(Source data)
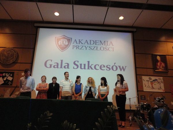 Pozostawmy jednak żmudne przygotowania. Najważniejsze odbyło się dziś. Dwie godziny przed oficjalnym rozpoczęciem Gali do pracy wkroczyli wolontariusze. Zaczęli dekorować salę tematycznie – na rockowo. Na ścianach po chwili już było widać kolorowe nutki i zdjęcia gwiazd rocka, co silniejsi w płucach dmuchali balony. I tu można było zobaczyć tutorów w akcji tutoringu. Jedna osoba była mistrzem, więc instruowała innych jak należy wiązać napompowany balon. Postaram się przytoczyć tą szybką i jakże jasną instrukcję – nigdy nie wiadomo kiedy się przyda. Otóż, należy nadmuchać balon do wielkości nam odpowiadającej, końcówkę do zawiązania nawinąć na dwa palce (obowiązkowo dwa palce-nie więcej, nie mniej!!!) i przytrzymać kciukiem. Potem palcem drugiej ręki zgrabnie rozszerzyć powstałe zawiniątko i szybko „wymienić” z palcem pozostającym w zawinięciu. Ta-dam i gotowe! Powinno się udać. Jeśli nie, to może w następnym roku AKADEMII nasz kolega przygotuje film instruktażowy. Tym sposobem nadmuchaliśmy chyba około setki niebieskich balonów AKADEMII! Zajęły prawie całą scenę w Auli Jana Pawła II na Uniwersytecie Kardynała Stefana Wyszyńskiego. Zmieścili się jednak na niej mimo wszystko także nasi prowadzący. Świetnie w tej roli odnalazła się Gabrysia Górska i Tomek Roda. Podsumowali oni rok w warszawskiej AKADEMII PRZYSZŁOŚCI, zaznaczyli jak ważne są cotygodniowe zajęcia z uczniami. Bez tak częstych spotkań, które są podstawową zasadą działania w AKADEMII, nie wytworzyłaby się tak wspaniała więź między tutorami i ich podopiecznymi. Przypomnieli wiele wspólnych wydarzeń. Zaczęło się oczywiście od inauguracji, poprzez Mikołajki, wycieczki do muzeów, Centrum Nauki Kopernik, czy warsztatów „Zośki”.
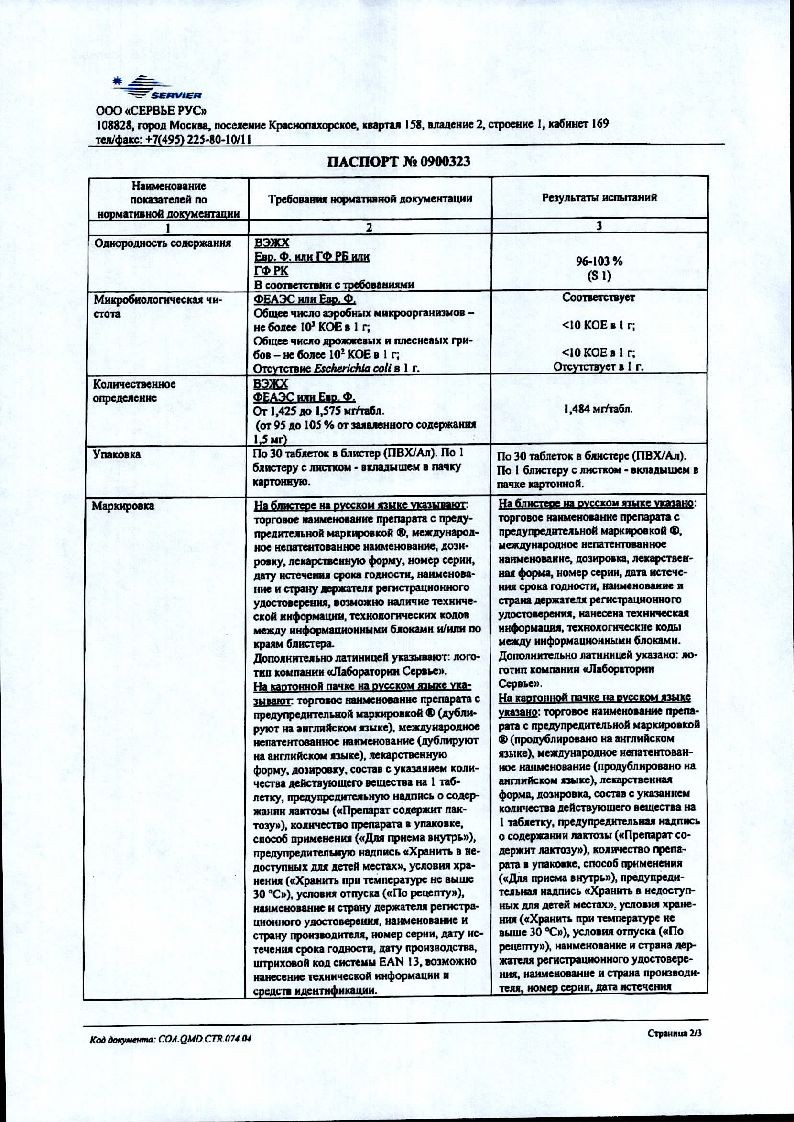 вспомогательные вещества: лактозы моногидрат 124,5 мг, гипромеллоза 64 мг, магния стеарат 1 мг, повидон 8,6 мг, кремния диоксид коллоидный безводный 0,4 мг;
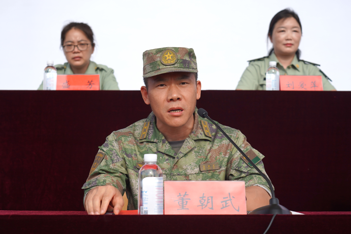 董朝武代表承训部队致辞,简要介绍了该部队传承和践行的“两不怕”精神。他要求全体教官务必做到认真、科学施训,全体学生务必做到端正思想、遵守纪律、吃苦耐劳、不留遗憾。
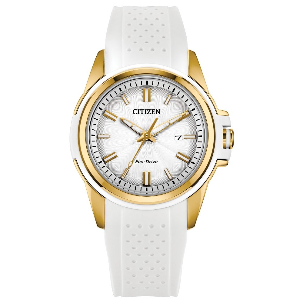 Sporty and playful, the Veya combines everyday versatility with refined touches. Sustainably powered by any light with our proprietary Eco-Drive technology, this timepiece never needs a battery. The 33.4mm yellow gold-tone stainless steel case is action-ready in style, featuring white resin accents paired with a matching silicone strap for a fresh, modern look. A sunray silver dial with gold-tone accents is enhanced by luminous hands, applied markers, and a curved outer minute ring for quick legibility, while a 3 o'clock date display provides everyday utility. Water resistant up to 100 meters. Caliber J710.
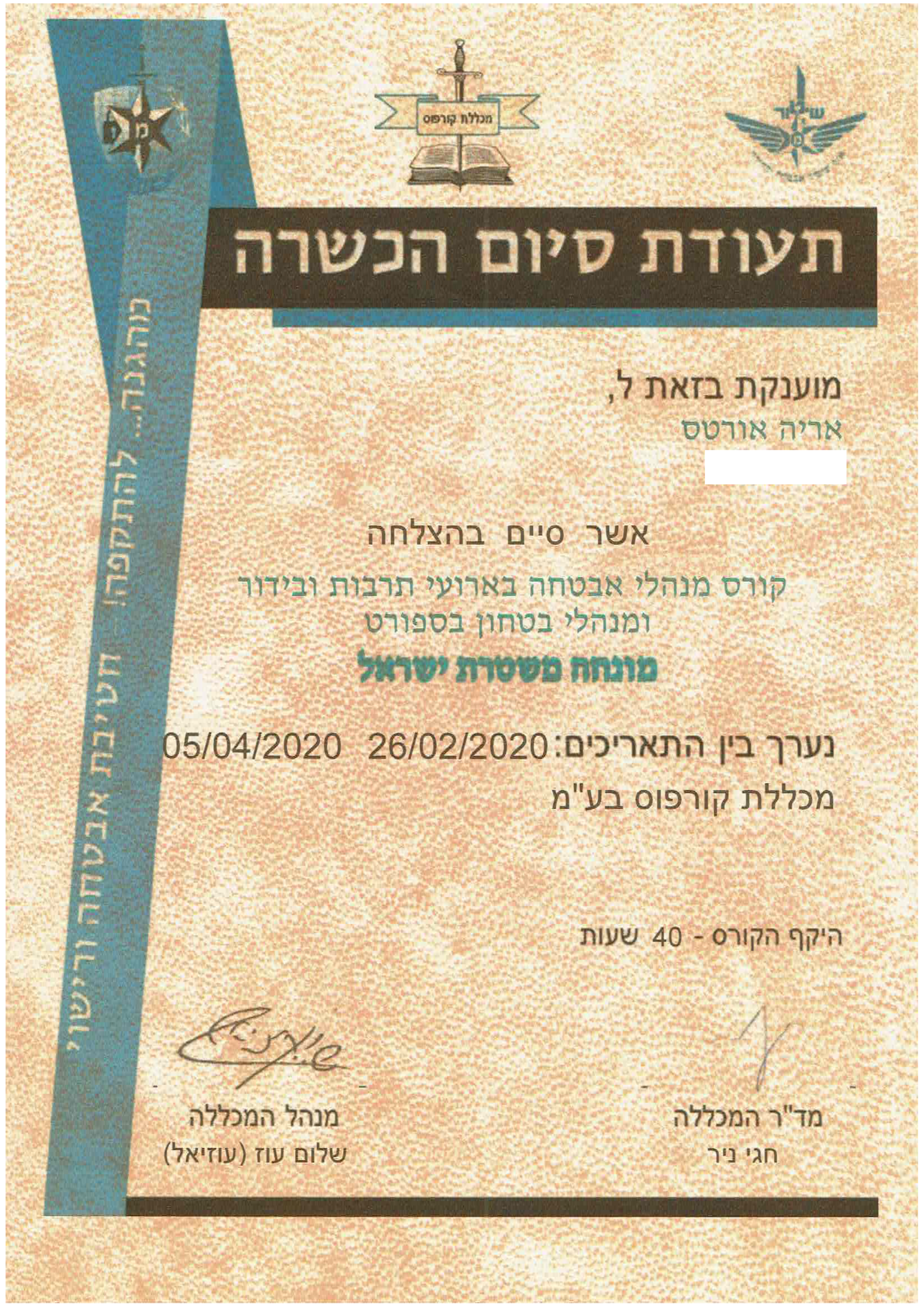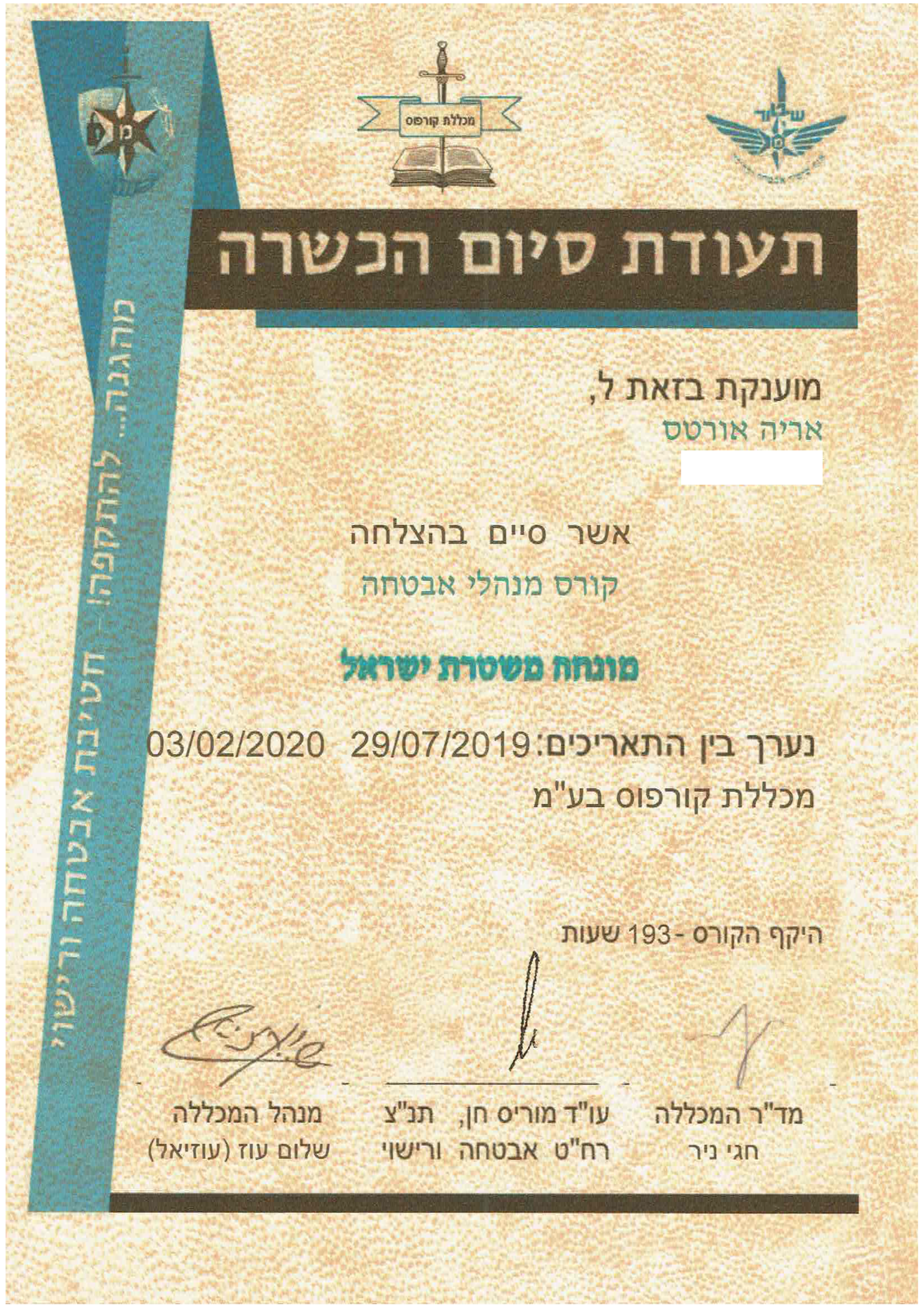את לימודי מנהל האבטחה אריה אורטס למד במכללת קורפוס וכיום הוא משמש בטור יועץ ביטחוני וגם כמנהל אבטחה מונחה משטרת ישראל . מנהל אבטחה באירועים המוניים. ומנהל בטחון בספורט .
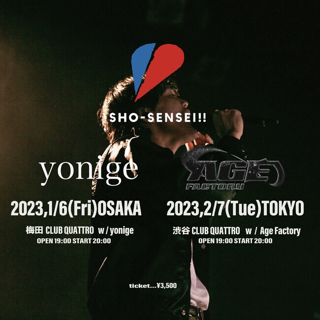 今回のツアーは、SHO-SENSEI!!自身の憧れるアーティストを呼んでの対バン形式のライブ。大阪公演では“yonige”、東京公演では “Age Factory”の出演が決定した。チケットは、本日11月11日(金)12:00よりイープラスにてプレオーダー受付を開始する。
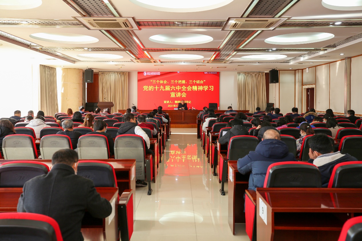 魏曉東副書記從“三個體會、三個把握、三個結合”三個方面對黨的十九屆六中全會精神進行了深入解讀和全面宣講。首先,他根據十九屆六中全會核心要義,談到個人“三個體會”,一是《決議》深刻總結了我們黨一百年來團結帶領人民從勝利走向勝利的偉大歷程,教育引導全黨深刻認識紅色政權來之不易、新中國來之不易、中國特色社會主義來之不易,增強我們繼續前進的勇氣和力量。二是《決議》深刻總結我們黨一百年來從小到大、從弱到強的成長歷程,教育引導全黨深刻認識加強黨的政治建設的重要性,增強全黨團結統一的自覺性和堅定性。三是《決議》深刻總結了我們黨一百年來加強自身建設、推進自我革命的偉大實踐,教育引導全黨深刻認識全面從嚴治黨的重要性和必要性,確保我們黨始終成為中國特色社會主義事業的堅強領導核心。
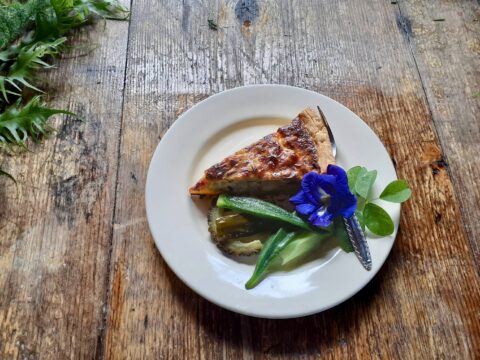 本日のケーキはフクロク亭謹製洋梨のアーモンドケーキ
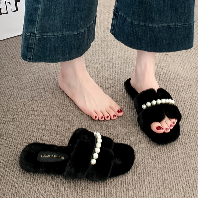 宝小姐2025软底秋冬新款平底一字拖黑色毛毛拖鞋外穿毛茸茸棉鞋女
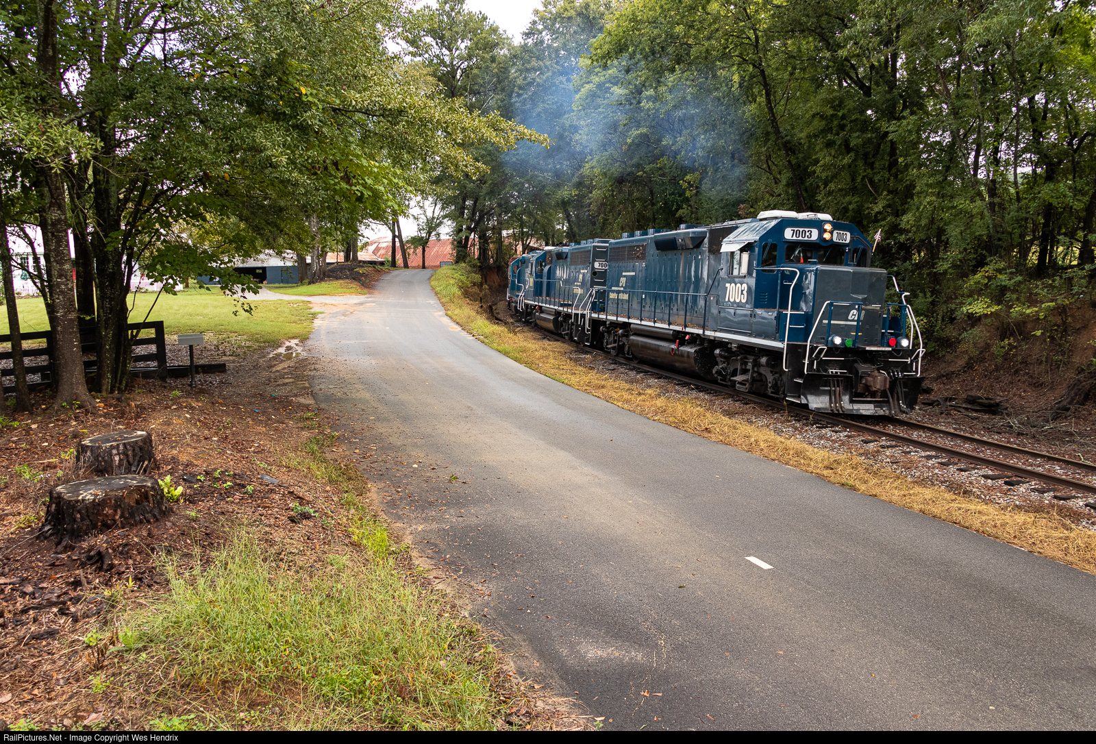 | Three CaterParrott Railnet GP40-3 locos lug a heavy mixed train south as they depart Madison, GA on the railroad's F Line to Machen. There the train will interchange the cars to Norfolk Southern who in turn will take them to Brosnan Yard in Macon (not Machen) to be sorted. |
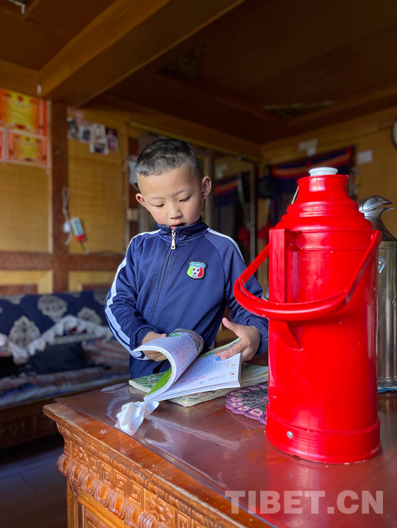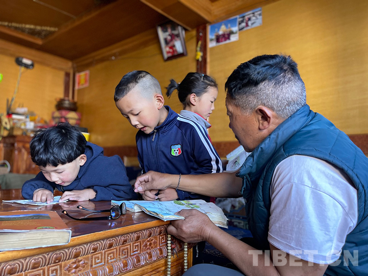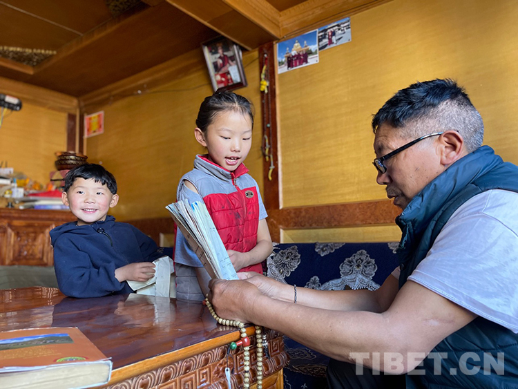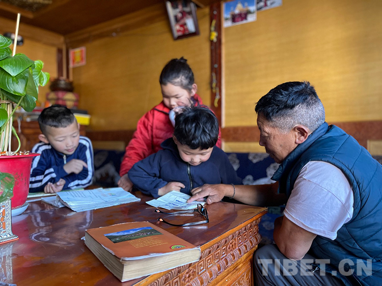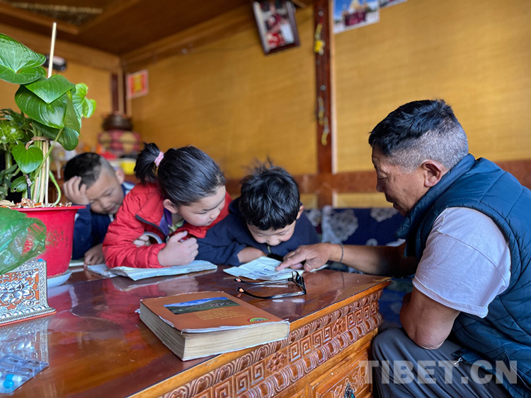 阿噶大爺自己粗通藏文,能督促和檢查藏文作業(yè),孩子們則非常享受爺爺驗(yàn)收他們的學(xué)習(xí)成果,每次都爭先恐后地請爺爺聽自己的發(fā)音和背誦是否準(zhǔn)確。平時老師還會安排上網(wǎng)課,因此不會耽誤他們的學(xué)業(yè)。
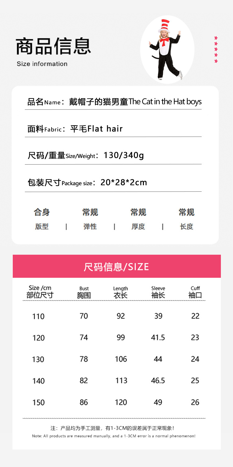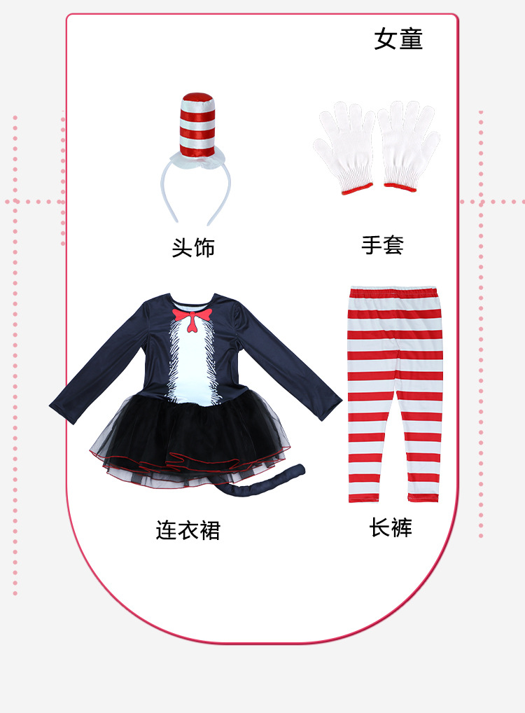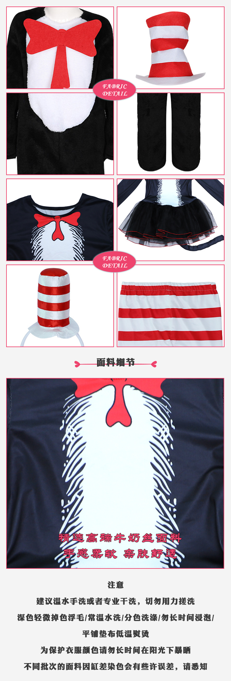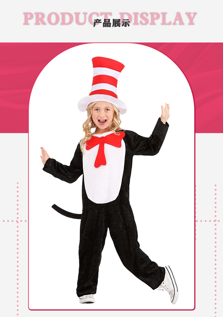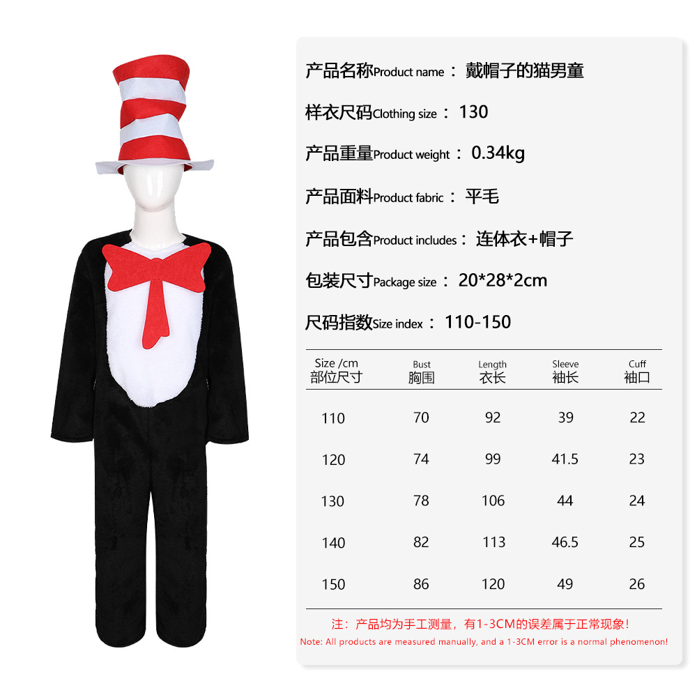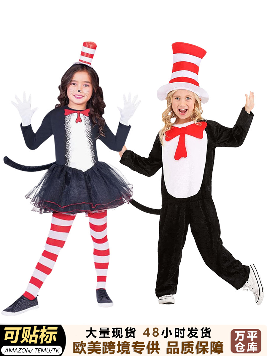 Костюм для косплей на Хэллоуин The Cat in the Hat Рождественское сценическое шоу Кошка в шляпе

■ Assignment
Retype each record exactly as it appears above and drop the images.

■ Answer section
 Pozostawmy jednak żmudne przygotowania. Najważniejsze odbyło się dziś. Dwie godziny przed oficjalnym rozpoczęciem Gali do pracy wkroczyli wolontariusze. Zaczęli dekorować salę tematycznie – na rockowo. Na ścianach po chwili już było widać kolorowe nutki i zdjęcia gwiazd rocka, co silniejsi w płucach dmuchali balony. I tu można było zobaczyć tutorów w akcji tutoringu. Jedna osoba była mistrzem, więc instruowała innych jak należy wiązać napompowany balon. Postaram się przytoczyć tą szybką i jakże jasną instrukcję – nigdy nie wiadomo kiedy się przyda. Otóż, należy nadmuchać balon do wielkości nam odpowiadającej, końcówkę do zawiązania nawinąć na dwa palce (obowiązkowo dwa palce-nie więcej, nie mniej!!!) i przytrzymać kciukiem. Potem palcem drugiej ręki zgrabnie rozszerzyć powstałe zawiniątko i szybko „wymienić” z palcem pozostającym w zawinięciu. Ta-dam i gotowe! Powinno się udać. Jeśli nie, to może w następnym roku AKADEMII nasz kolega przygotuje film instruktażowy. Tym sposobem nadmuchaliśmy chyba około setki niebieskich balonów AKADEMII! Zajęły prawie całą scenę w Auli Jana Pawła II na Uniwersytecie Kardynała Stefana Wyszyńskiego. Zmieścili się jednak na niej mimo wszystko także nasi prowadzący. Świetnie w tej roli odnalazła się Gabrysia Górska i Tomek Roda. Podsumowali oni rok w warszawskiej AKADEMII PRZYSZŁOŚCI, zaznaczyli jak ważne są cotygodniowe zajęcia z uczniami. Bez tak częstych spotkań, które są podstawową zasadą działania w AKADEMII, nie wytworzyłaby się tak wspaniała więź między tutorami i ich podopiecznymi. Przypomnieli wiele wspólnych wydarzeń. Zaczęło się oczywiście od inauguracji, poprzez Mikołajki, wycieczki do muzeów, Centrum Nauki Kopernik, czy warsztatów „Zośki”.
 вспомогательные вещества: лактозы моногидрат 124,5 мг, гипромеллоза 64 мг, магния стеарат 1 мг, повидон 8,6 мг, кремния диоксид коллоидный безводный 0,4 мг;
 董朝武代表承训部队致辞,简要介绍了该部队传承和践行的“两不怕”精神。他要求全体教官务必做到认真、科学施训,全体学生务必做到端正思想、遵守纪律、吃苦耐劳、不留遗憾。
 Sporty and playful, the Veya combines everyday versatility with refined touches. Sustainably powered by any light with our proprietary Eco-Drive technology, this timepiece never needs a battery. The 33.4mm yellow gold-tone stainless steel case is action-ready in style, featuring white resin accents paired with a matching silicone strap for a fresh, modern look. A sunray silver dial with gold-tone accents is enhanced by luminous hands, applied markers, and a curved outer minute ring for quick legibility, while a 3 o'clock date display provides everyday utility. Water resistant up to 100 meters. Caliber J710.
את לימודי מנהל האבטחה אריה אורטס למד במכללת קורפוס וכיום הוא משמש בטור יועץ ביטחוני וגם כמנהל אבטחה מונחה משטרת ישראל . מנהל אבטחה באירועים המוניים. ומנהל בטחון בספורט .
 今回のツアーは、SHO-SENSEI!!自身の憧れるアーティストを呼んでの対バン形式のライブ。大阪公演では“yonige”、東京公演では “Age Factory”の出演が決定した。チケットは、本日11月11日(金)12:00よりイープラスにてプレオーダー受付を開始する。
 魏曉東副書記從“三個體會、三個把握、三個結合”三個方面對黨的十九屆六中全會精神進行了深入解讀和全面宣講。首先,他根據十九屆六中全會核心要義,談到個人“三個體會”,一是《決議》深刻總結了我們黨一百年來團結帶領人民從勝利走向勝利的偉大歷程,教育引導全黨深刻認識紅色政權來之不易、新中國來之不易、中國特色社會主義來之不易,增強我們繼續前進的勇氣和力量。二是《決議》深刻總結我們黨一百年來從小到大、從弱到強的成長歷程,教育引導全黨深刻認識加強黨的政治建設的重要性,增強全黨團結統一的自覺性和堅定性。三是《決議》深刻總結了我們黨一百年來加強自身建設、推進自我革命的偉大實踐,教育引導全黨深刻認識全面從嚴治黨的重要性和必要性,確保我們黨始終成為中國特色社會主義事業的堅強領導核心。
 本日のケーキはフクロク亭謹製洋梨のアーモンドケーキ
 宝小姐2025软底秋冬新款平底一字拖黑色毛毛拖鞋外穿毛茸茸棉鞋女
 | Three CaterParrott Railnet GP40-3 locos lug a heavy mixed train south as they depart Madison, GA on the railroad's F Line to Machen. There the train will interchange the cars to Norfolk Southern who in turn will take them to Brosnan Yard in Macon (not Machen) to be sorted. |
 阿噶大爺自己粗通藏文,能督促和檢查藏文作業(yè),孩子們則非常享受爺爺驗(yàn)收他們的學(xué)習(xí)成果,每次都爭先恐后地請爺爺聽自己的發(fā)音和背誦是否準(zhǔn)確。平時老師還會安排上網(wǎng)課,因此不會耽誤他們的學(xué)業(yè)。
 Костюм для косплей на Хэллоуин The Cat in the Hat Рождественское сценическое шоу Кошка в шляпе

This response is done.